The English-language website of the Hong Kong Economic Journal reported the news on Sept. 6, citing prior coverage by Shanghai Securities News, which is owned by the official Chinese state-run Xinhua News Agency.
“We need to plan ahead for a rainy day”
Mu Changchun — deputy director of the People’s Bank of China (PBoC)’s payments department — has said that China’s digital currency will be supported across major e-payments platforms such as Tencent’s WeChat and Alibaba-backed Alipay.
The tokens will be guaranteed by the central bank and thus as secure as PBoC-issued paper notes and can be used without an internet connection, to ensure that transactions can continue even in the event that communications networks are down.
Speaking of the country’s motivations to pursue a digital currency, Mu argued that the coin would help protect China’s foreign exchange sovereignty even as numerous commercial applications of digital currencies gain traction:
“Why is the central bank still doing such a digital currency today when electronic payment methods are so developed? It is to protect our monetary sovereignty and legal currency status. We need to plan ahead for a rainy day.”
The forthcoming national digital currency will aim to offer provisions for anonymous payments while preventing money laundering, Mu noted. He clarified that while the payments-focused currency would bear similarities to Libra, it would not be a direct copy.

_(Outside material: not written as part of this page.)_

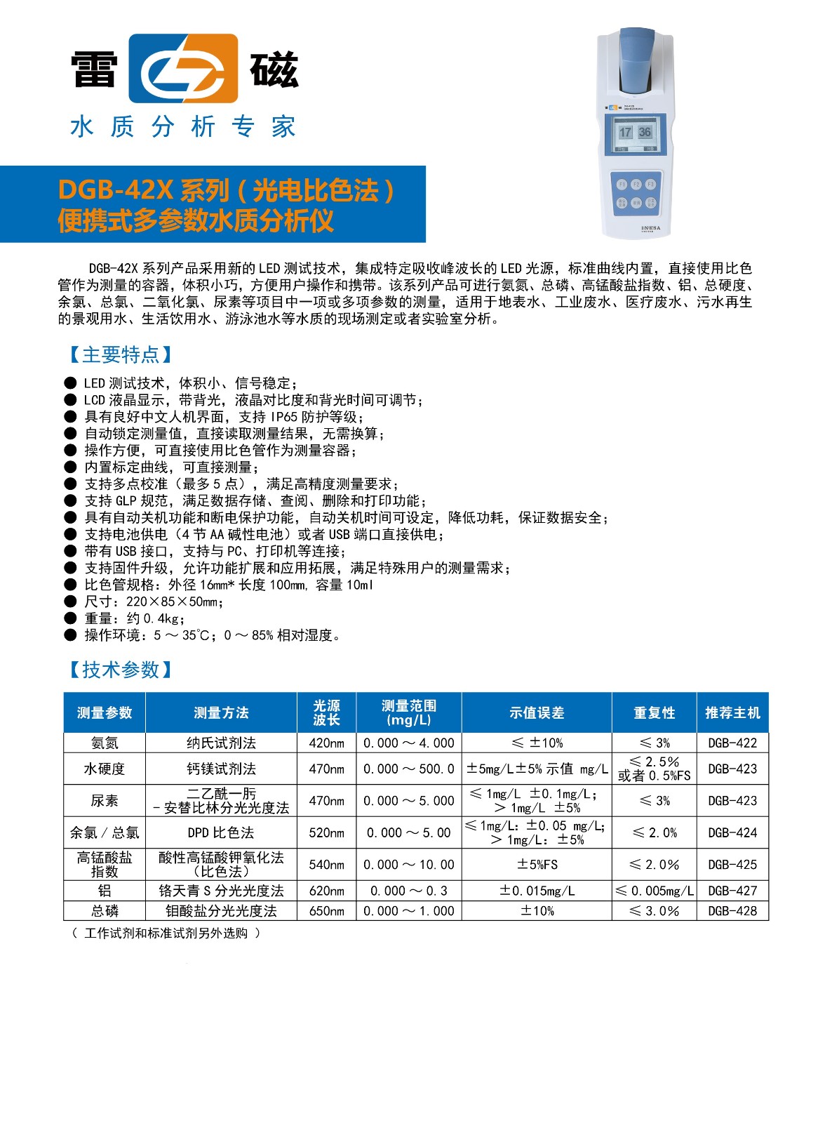 - 商品名稱:上海雷磁便攜式多參數(shù)水質(zhì)分析儀DGB-424(停產(chǎn))
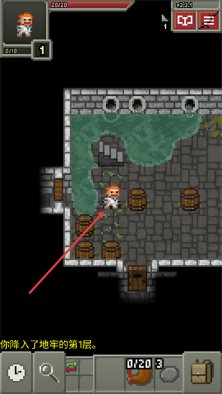 3、角色降入【地牢-第1層】,箭頭指向場(chǎng)景內(nèi)木桶區(qū),界面顯示物品欄可開(kāi)展地牢探索操作。

Could launch as soon as November
As reported, China has been researching its digital currency project since 2014, with development work gathering speed in 2018. Last month, the PBoC revealed the currency was almost ready to launch.
As the Hong Kong Economic Journal notes, the currency could launch as early as Nov. 11 — significantly sooner than Facebook’s Libra.

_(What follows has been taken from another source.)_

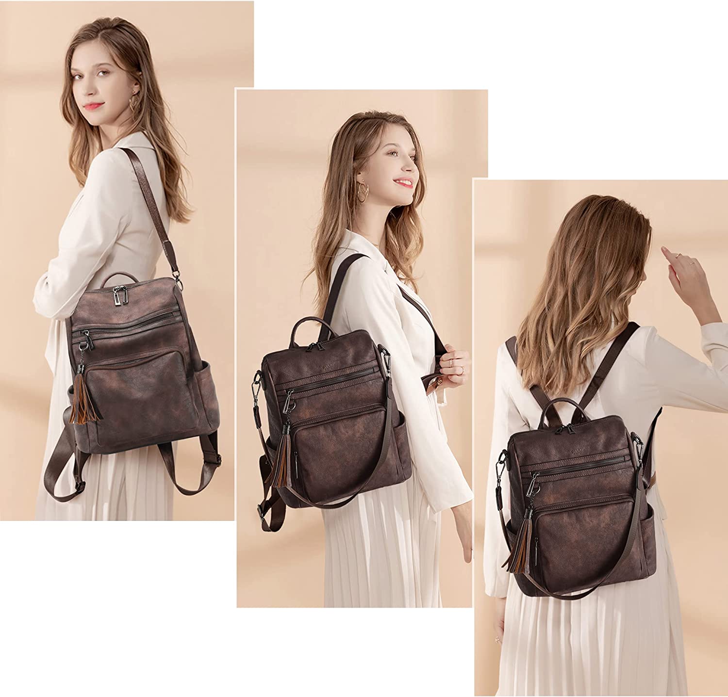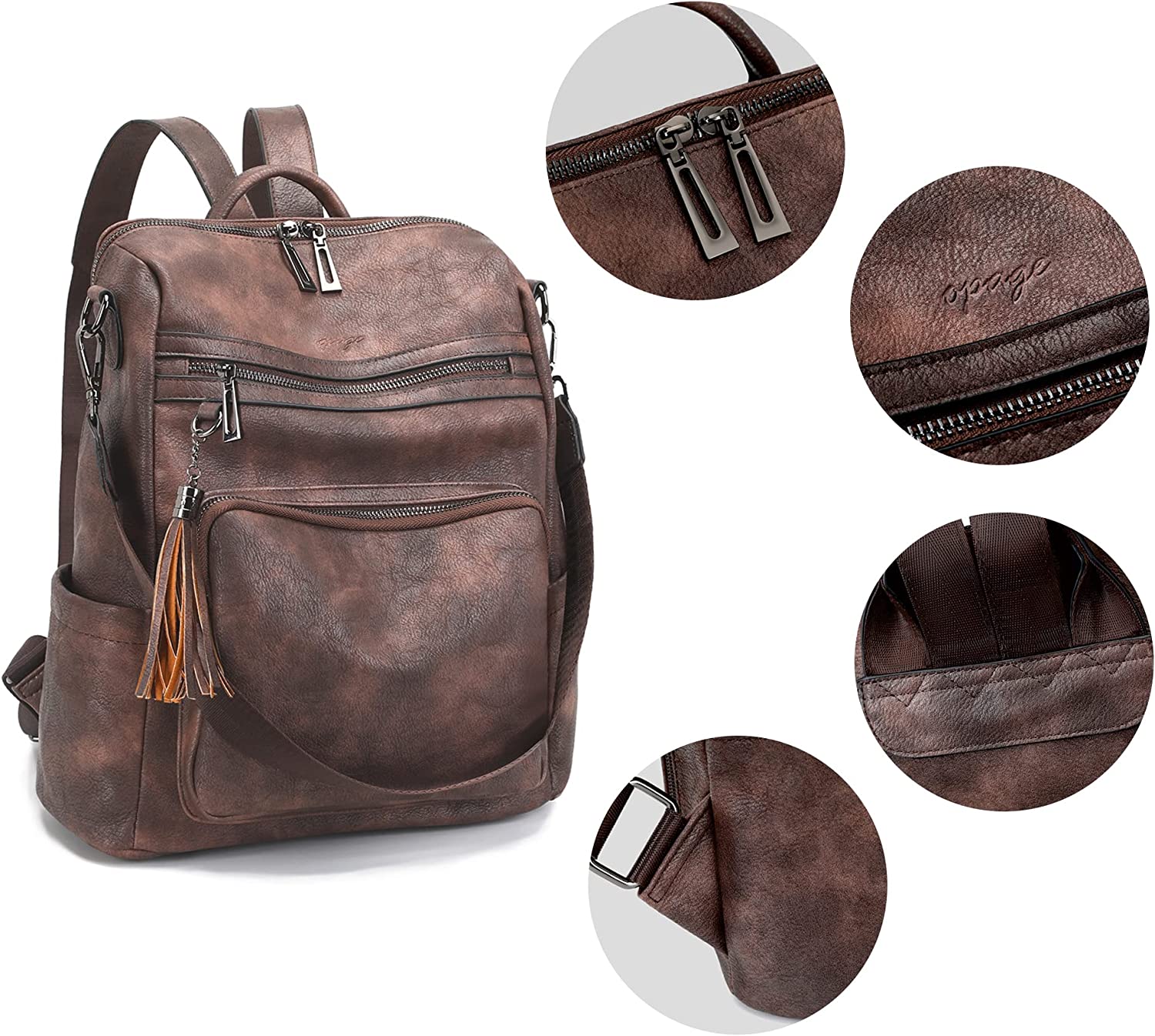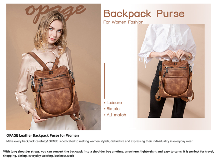 • 【High-quality Material】This opage leather backpack purse for women is made of premium waterproof and tear-resistant soft leather, and is designed with double metal zippers, there is a cute tassel next to the front zipper pocket. All of these are fashionable and durable.

Mu has previously indicated that the currency’s organizational structure is to some extent similar to that of Libra’s and that the social media titan’s project had influenced the currency’s original design.
Chinese academics have also claimed that the unveiling of Libra had sparked debate among local regulators and motivated the project’s designers to involve more non-governmental institutions in the currency’s development and issuance process.
Even as Libra faces significant regulatory hurdles — perhaps jeopardizing its prospective launch — executives at Apple’s payments service, Apple Pay, have this week signalled that Apple considers that a move into crypto could make strategic sense and that the firm believes that cryptocurrency has long-term potential.